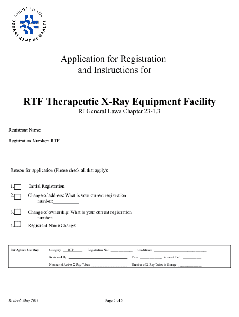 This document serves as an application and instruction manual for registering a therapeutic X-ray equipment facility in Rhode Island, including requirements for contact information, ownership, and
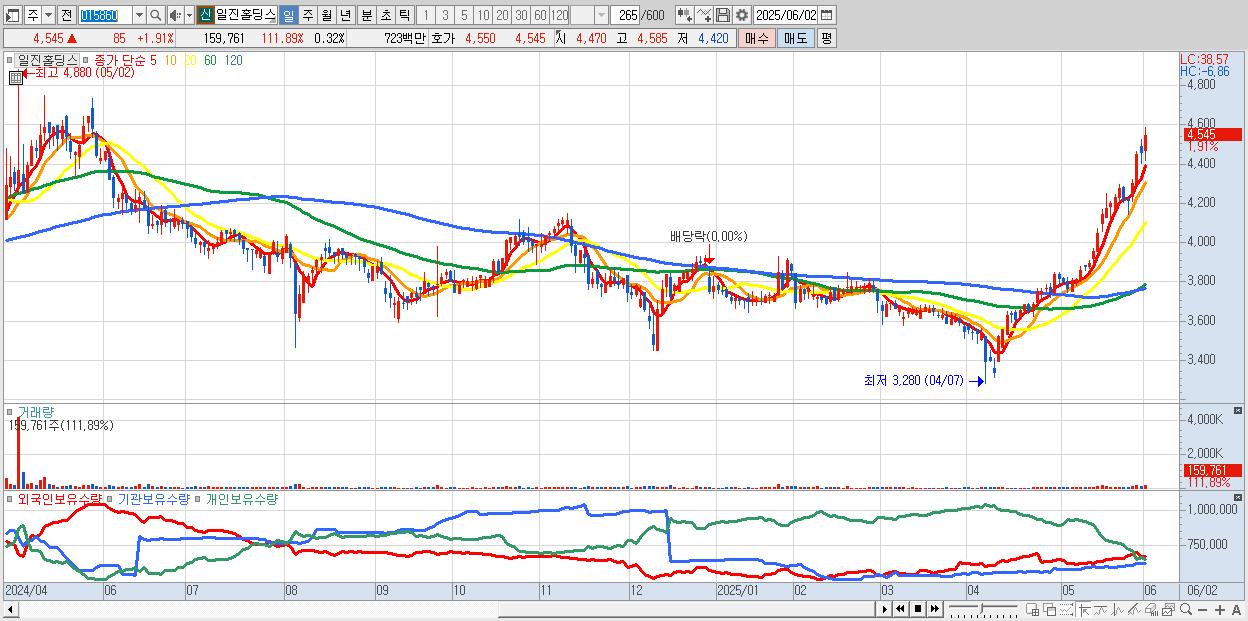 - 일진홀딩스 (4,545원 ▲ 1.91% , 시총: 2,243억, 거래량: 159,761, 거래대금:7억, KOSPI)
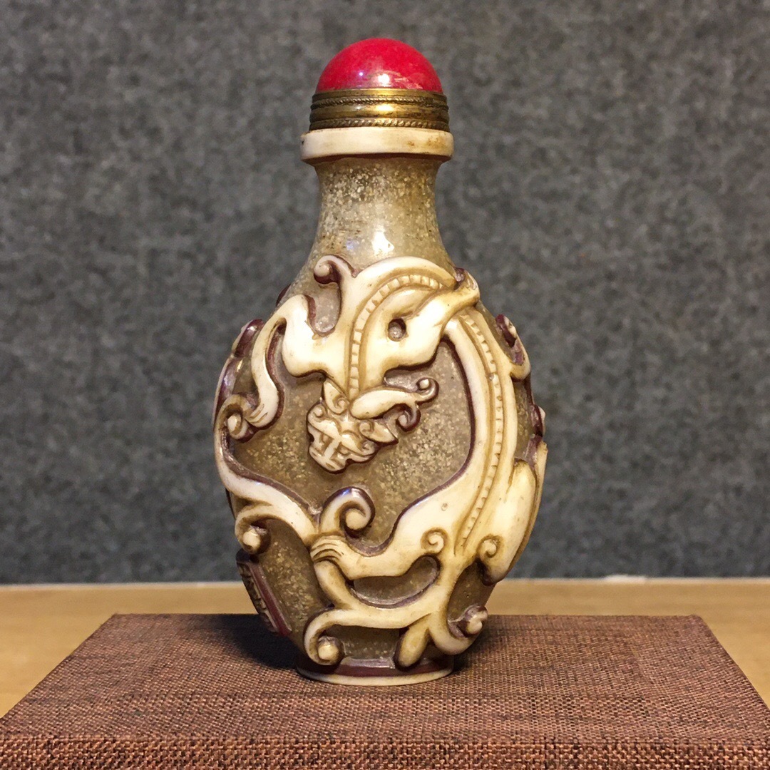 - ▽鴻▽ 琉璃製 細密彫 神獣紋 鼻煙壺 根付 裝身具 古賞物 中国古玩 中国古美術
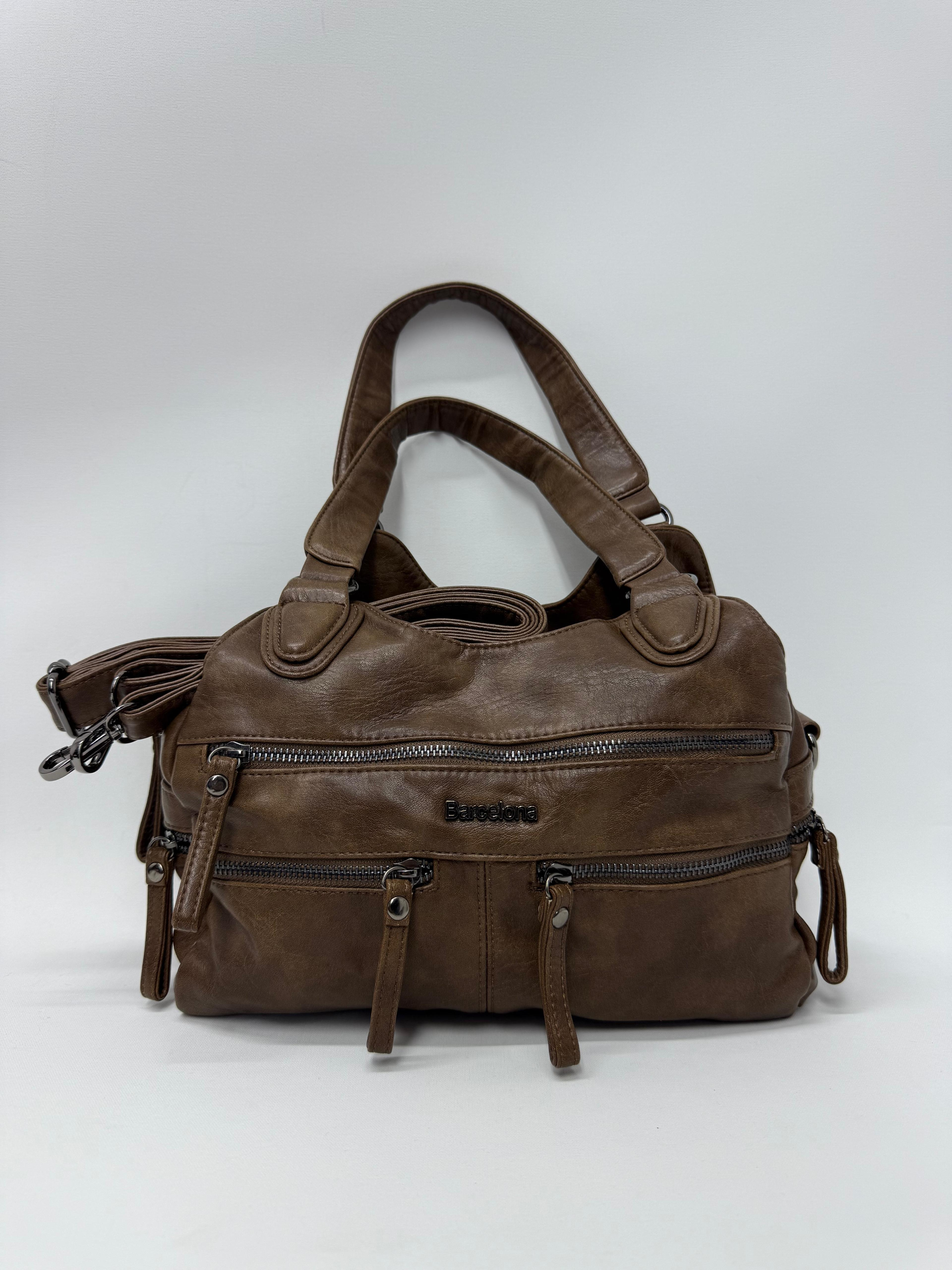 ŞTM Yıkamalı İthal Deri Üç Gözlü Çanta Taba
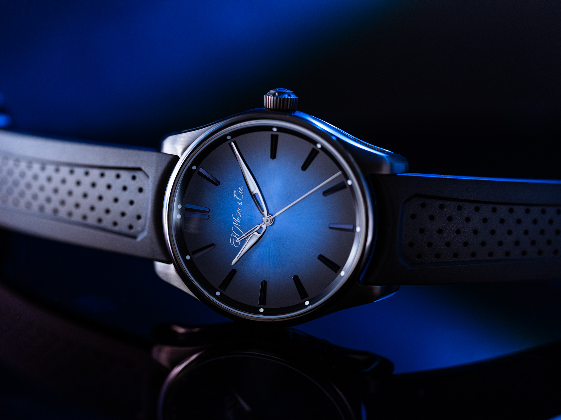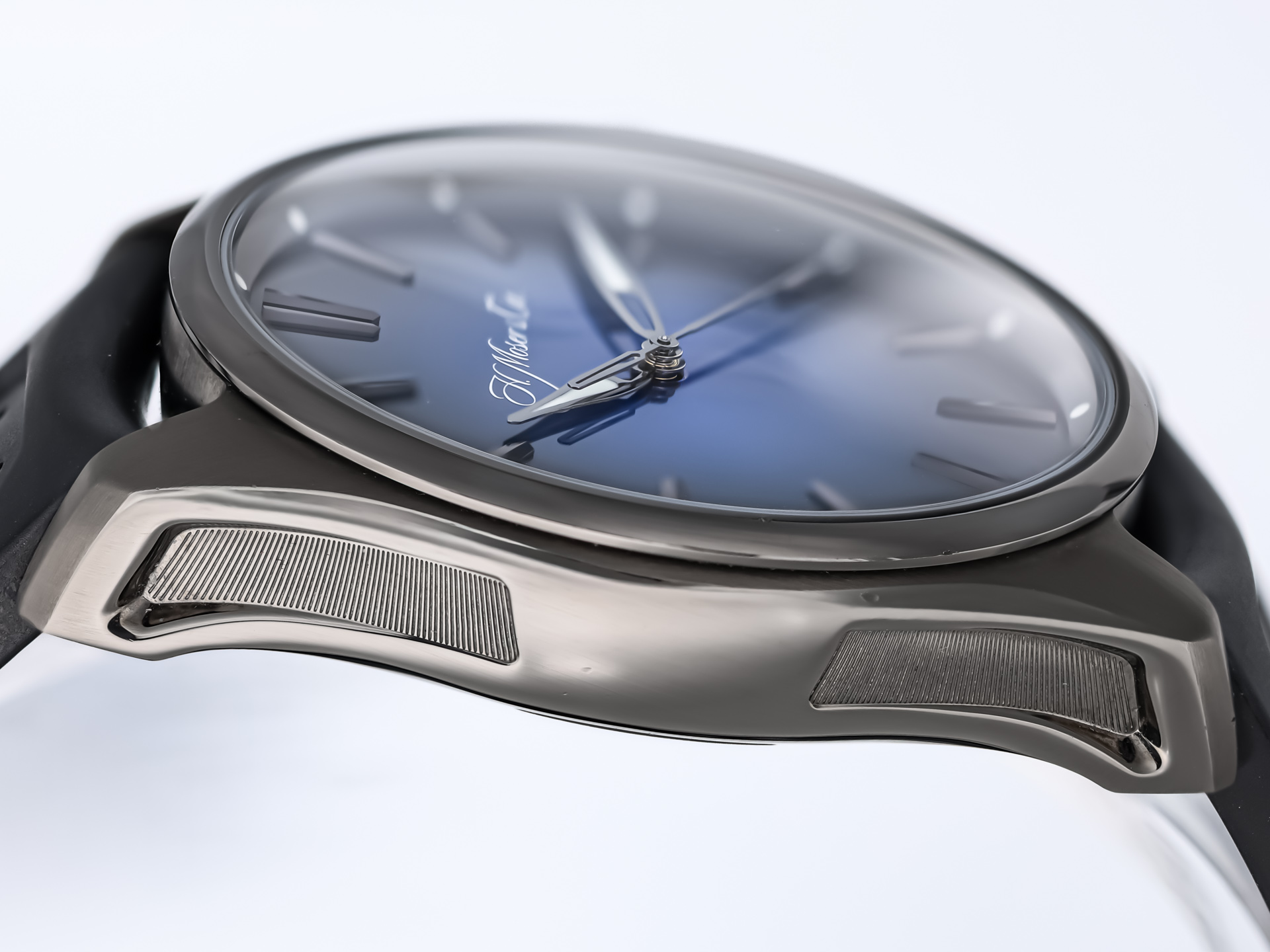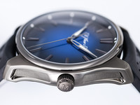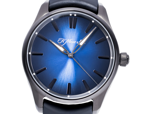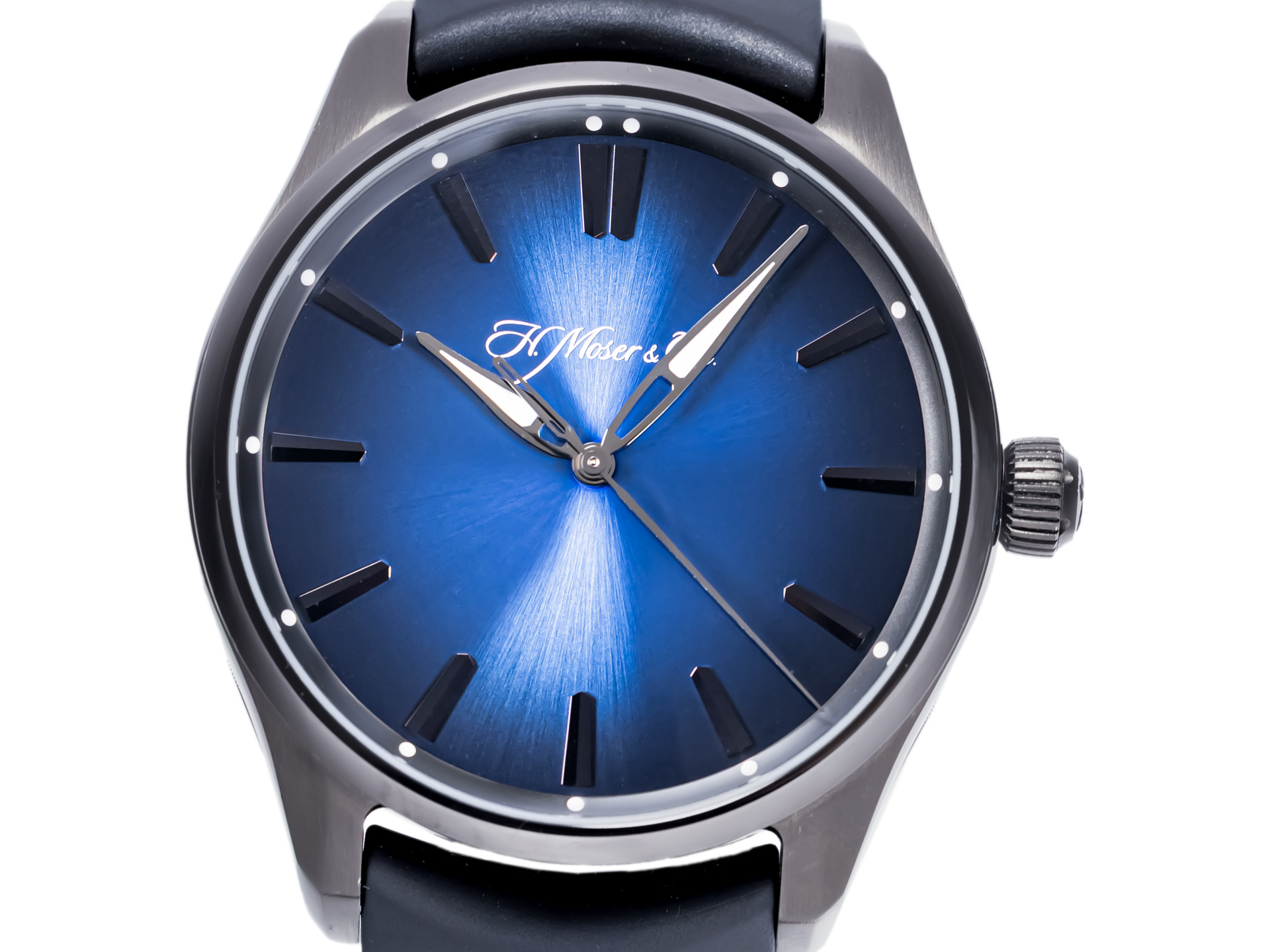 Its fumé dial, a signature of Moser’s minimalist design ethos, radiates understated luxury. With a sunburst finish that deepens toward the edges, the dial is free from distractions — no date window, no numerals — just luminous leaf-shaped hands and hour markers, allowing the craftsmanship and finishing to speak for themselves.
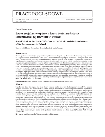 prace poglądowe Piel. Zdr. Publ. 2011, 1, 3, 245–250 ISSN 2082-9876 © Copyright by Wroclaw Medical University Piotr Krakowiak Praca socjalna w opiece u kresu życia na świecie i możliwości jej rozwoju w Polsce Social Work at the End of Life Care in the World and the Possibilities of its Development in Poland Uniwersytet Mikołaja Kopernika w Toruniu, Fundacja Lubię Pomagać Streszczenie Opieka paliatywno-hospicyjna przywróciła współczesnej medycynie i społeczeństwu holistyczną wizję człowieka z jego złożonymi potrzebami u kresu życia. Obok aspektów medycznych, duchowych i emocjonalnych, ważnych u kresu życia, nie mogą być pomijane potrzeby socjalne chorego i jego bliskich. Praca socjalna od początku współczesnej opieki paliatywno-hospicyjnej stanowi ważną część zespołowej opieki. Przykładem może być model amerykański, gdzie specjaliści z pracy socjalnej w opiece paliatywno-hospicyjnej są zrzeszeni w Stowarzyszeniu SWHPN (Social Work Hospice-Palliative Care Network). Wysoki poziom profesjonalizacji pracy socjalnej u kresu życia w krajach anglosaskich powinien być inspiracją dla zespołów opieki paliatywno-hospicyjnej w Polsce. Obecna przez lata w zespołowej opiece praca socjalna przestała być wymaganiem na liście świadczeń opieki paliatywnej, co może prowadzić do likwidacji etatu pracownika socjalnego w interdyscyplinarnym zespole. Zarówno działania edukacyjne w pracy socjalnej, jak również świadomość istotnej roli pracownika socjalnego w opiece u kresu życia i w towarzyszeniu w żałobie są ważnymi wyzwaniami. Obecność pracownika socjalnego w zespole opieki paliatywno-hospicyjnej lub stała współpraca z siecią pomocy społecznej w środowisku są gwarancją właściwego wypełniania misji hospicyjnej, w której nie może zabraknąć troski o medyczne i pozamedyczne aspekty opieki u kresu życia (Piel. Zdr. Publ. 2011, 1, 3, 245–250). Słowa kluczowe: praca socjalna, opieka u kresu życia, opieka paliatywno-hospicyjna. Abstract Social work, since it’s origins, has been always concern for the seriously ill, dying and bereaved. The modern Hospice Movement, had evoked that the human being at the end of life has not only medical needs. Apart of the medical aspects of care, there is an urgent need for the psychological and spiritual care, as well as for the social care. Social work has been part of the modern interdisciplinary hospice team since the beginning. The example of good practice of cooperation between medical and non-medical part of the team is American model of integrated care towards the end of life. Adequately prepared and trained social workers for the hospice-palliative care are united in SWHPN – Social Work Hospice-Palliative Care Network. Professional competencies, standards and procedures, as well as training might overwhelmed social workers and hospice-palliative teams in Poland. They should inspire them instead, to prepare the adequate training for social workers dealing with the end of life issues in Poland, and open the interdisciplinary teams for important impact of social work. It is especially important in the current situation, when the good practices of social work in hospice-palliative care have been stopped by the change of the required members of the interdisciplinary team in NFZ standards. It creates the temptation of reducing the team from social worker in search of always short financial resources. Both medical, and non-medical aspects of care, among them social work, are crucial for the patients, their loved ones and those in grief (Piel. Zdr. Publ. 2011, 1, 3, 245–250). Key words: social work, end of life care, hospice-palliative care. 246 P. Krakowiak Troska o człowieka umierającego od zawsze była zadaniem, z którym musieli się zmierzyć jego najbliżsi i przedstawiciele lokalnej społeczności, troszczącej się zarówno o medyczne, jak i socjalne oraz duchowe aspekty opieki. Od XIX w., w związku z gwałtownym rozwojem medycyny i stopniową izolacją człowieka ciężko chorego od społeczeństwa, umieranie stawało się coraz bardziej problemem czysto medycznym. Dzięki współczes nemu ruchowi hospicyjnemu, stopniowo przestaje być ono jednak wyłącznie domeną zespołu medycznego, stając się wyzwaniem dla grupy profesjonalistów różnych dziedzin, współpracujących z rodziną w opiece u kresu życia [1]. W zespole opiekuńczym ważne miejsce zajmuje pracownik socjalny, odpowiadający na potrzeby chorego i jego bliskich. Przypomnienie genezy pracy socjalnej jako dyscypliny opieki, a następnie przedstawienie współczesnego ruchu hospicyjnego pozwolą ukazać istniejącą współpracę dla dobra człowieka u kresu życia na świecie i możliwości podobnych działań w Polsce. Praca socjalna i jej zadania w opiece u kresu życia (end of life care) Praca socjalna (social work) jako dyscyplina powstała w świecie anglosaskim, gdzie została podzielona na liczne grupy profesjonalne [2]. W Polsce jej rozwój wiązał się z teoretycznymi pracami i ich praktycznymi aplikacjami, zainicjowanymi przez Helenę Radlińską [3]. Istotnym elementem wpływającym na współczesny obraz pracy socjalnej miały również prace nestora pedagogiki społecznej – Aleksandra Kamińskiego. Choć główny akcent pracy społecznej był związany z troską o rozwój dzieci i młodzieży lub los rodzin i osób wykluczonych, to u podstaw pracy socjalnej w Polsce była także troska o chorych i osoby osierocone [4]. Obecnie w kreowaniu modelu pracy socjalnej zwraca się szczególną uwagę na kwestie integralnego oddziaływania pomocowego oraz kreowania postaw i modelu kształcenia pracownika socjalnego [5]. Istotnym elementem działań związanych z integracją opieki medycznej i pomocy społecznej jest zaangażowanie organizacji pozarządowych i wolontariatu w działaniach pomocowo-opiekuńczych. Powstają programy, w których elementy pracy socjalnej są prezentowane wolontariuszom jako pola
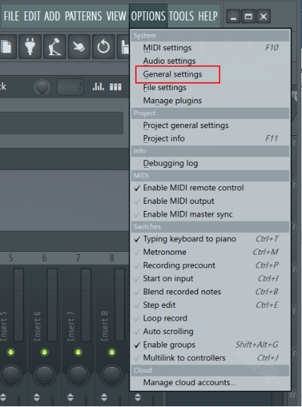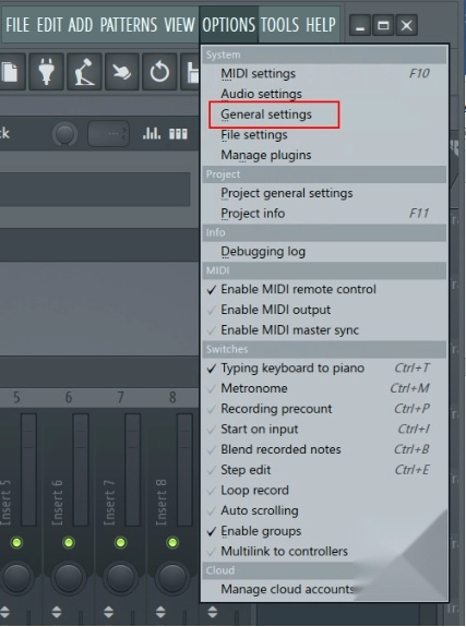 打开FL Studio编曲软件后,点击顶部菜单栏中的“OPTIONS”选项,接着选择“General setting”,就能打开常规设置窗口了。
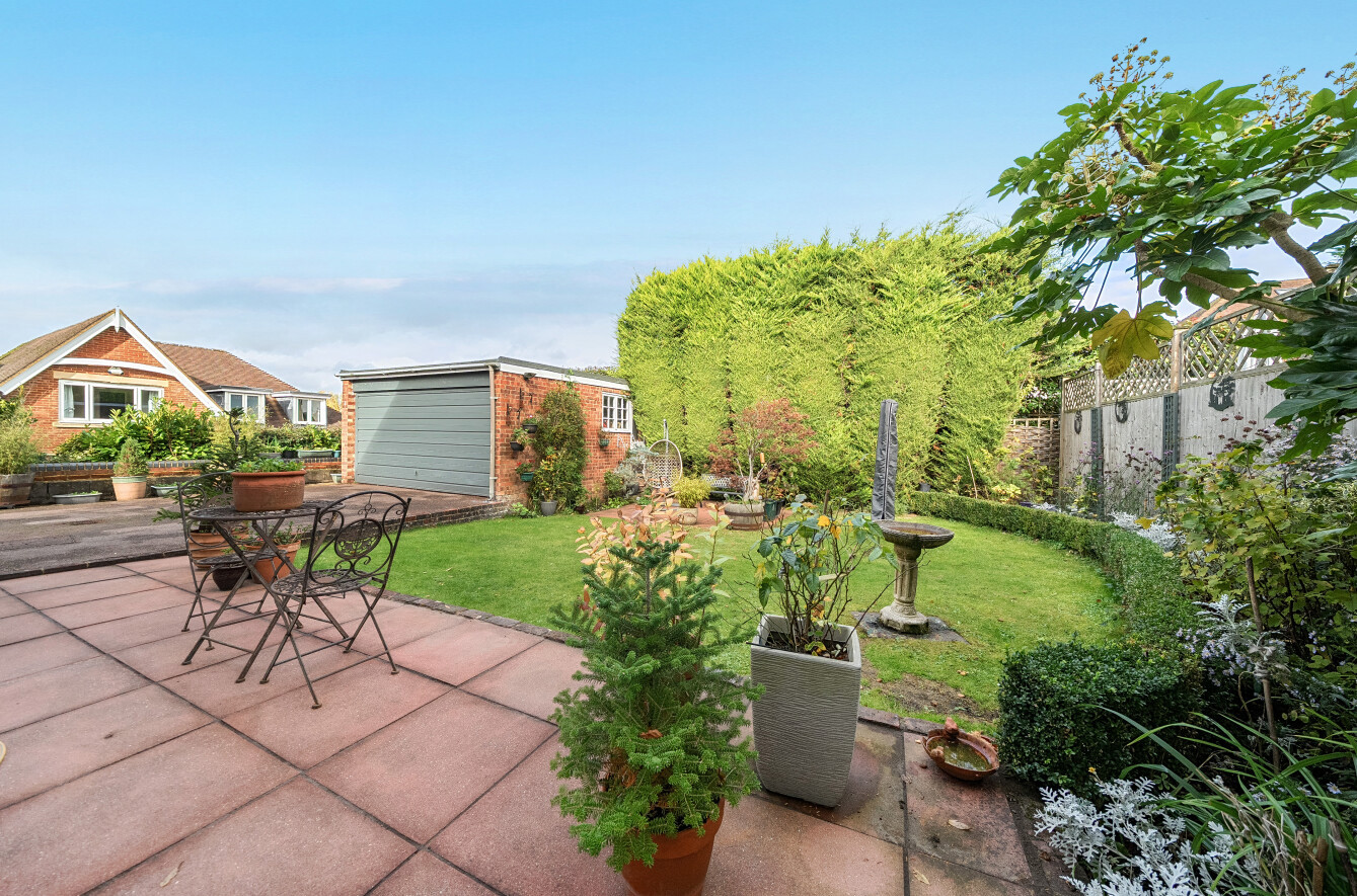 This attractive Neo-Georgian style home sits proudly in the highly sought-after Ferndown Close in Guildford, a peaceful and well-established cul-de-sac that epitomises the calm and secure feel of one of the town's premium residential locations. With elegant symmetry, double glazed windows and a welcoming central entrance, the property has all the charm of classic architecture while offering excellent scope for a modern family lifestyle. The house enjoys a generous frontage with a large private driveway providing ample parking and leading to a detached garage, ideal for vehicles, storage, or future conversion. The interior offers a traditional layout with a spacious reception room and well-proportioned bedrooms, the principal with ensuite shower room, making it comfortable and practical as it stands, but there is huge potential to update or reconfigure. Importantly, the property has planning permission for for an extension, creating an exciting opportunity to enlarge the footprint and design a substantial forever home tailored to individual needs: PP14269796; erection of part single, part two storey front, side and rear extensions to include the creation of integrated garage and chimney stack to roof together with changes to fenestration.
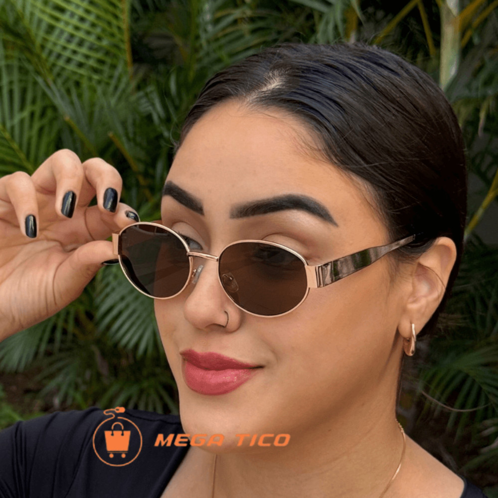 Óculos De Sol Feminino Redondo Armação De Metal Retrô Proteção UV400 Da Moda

-.-.-

### [EXERCISE DESCRIPTION]
The line containing "Its fumé dial, a" marks the end; please output exactly the lines of the listing above from its first line through that line, without pictures.

### [SOLUTION FOR THIS TASK]
 This document serves as an application and instruction manual for registering a therapeutic X-ray equipment facility in Rhode Island, including requirements for contact information, ownership, and
 - 일진홀딩스 (4,545원 ▲ 1.91% , 시총: 2,243억, 거래량: 159,761, 거래대금:7억, KOSPI)
 - ▽鴻▽ 琉璃製 細密彫 神獣紋 鼻煙壺 根付 裝身具 古賞物 中国古玩 中国古美術
 ŞTM Yıkamalı İthal Deri Üç Gözlü Çanta Taba
 Its fumé dial, a signature of Moser’s minimalist design ethos, radiates understated luxury. With a sunburst finish that deepens toward the edges, the dial is free from distractions — no date window, no numerals — just luminous leaf-shaped hands and hour markers, allowing the craftsmanship and finishing to speak for themselves.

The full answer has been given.